▶ **Data block**:
%%

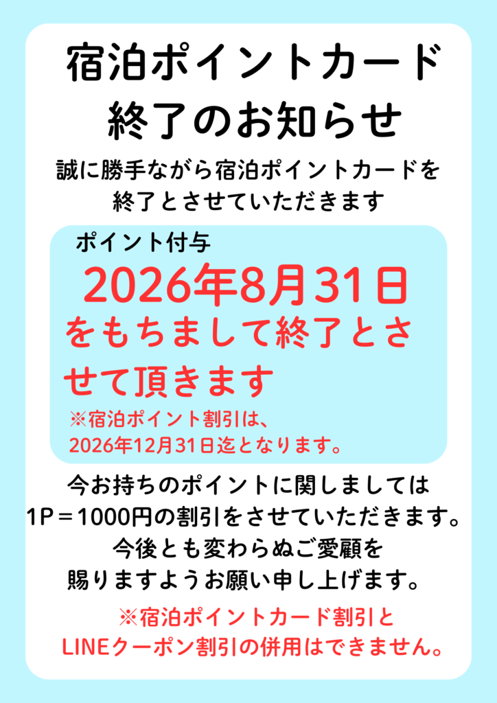 誠に勝手ながら宿泊ポイントカードを終了とさせていただきます。
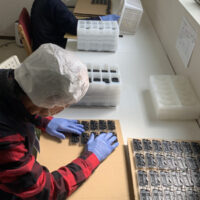 カメラ部品の治具付けや不要な部分をカットしたり、専用道具で押す作業をしています。
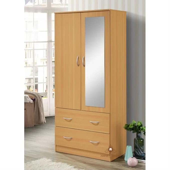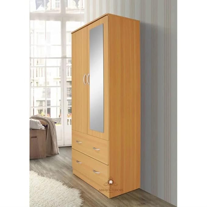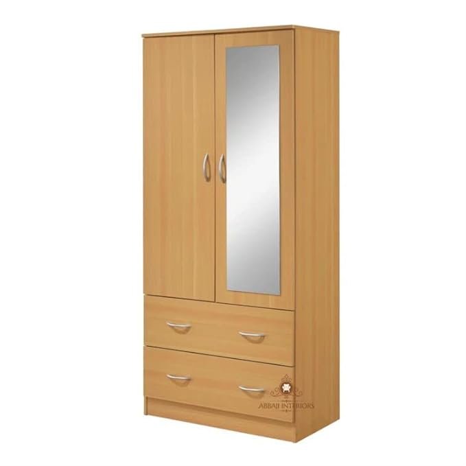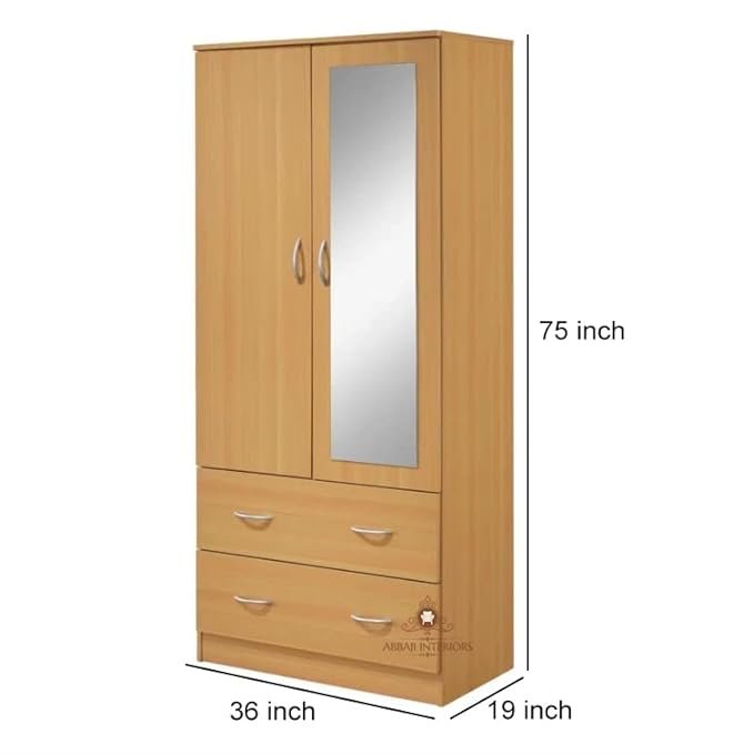 ABBAJI INTERIORS Engineered Wood Two-Door Wardrobe 2 Drawer with Mirror (Light Brown-Color)-Length 30inch,Width 19inch,Height 75inch

%%

▶ **What to do**: The expected answer is the data retyped exactly, without pictures.

▶ **The answer**:
 誠に勝手ながら宿泊ポイントカードを終了とさせていただきます。
 カメラ部品の治具付けや不要な部分をカットしたり、専用道具で押す作業をしています。
 ABBAJI INTERIORS Engineered Wood Two-Door Wardrobe 2 Drawer with Mirror (Light Brown-Color)-Length 30inch,Width 19inch,Height 75inch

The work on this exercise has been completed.